To be sure, various attempts at unbundling Google search has been going on for a long time. As shown in the image below, the most monetizable queries are often for insurance, travel, and some navigation queries (to specific sites). I’m skipping over the “iphone” related queries on my speculation that was due to the imminent iPhone launch and not representative of steady state queries.

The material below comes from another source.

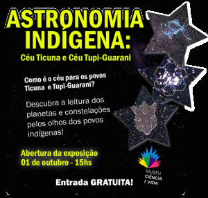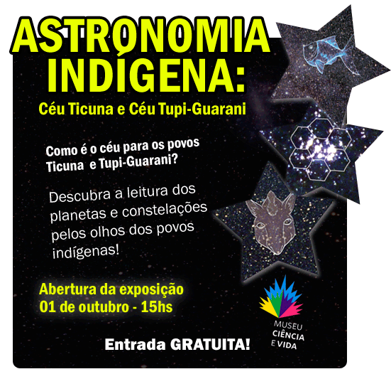 Dia 01 de outubro, às 15h, vamos abrir uma exposição sobre a astronomia indígena, mostrando a ciência e a cultura dos povos Ticuna e Tupi-Guarani de acordo com a iconografia de seus céus. Além de mostrar a criatividade relacionada com ciência, é uma ótima oportunidade de ofertar aos alunos uma interessante experiência. Estamos oferecendo, logo após a exposição, uma sessão de planetário focada na astronomia indígena! É uma experiência diferente e enriquecedora, valorizando a nossa diversidade cultural.

It’s no wonder that the travel vertical has seen a lot of competition, e.g. Kayak, Tripadvisor, Airbnb, and that Booking.com is one of Google’s largest advertisers.
Types of Searches
If vertical search unbundling has been happening for a while, what is different about this moment in time? It helps to break out the categories of types of searches by the following:
Navigational queries: searches made to retrieve the URL of a specific website for which the user is looking. Examples of navigational searches from the list above include Uber, Comcast, Xfinity, Hulu and AT&T.
Informational queries: searches made to learn about a topic or answer a question. Commonly preceded by “how to” or “what is,” informational queries can be for factual, educational, news, financial, scientific or other content.
Transactional queries: searches made in connection with a purchase or transaction. Examples include “best digital camera,” or “hotels in LA”, or “restaurants with dosa”.
As you can imagine, most of the vertical search unbundling has historically been in the third category, transactional queries, because they tend to be the most monetizable. Keywords associated with booking travel, searching for insurance, or purchasing an e-commerce item, will have higher advertiser interest.
In the past, very few sources were specifically targeted at stripping away informational queries from Google, but it has happened. Wikipedia and Reddit have become common substitutes for Google, although the searches still very often start on Google. Social search, on the other hand, rarely starts on Google anymore. Web 2.0 began to unbundle social search from Google with the rise of LinkedIn, Facebook, Twitter, Instagram and now TikTok.
Rise of LLMs for Informational Search
LLMs are not an efficient way to conduct navigational searches, and agents are not yet reliable enough to complete transactions on the user’s behalf. However, LLMs are a very effective complement to—and eventually a substitute for—informational searches on Google. For many queries, users just want an answer and not have to conduct a secondary search of ten blue links to arrive at that answer.
Why does the threat to informational search matter if most of the monetizable queries are in the transactional search category? For one, the inability of agents to conduct transactions is a temporary state. Many startups are now working on agents to complete transactions, not to mention the frontier model companies that are incorporating agents in the underlying model itself.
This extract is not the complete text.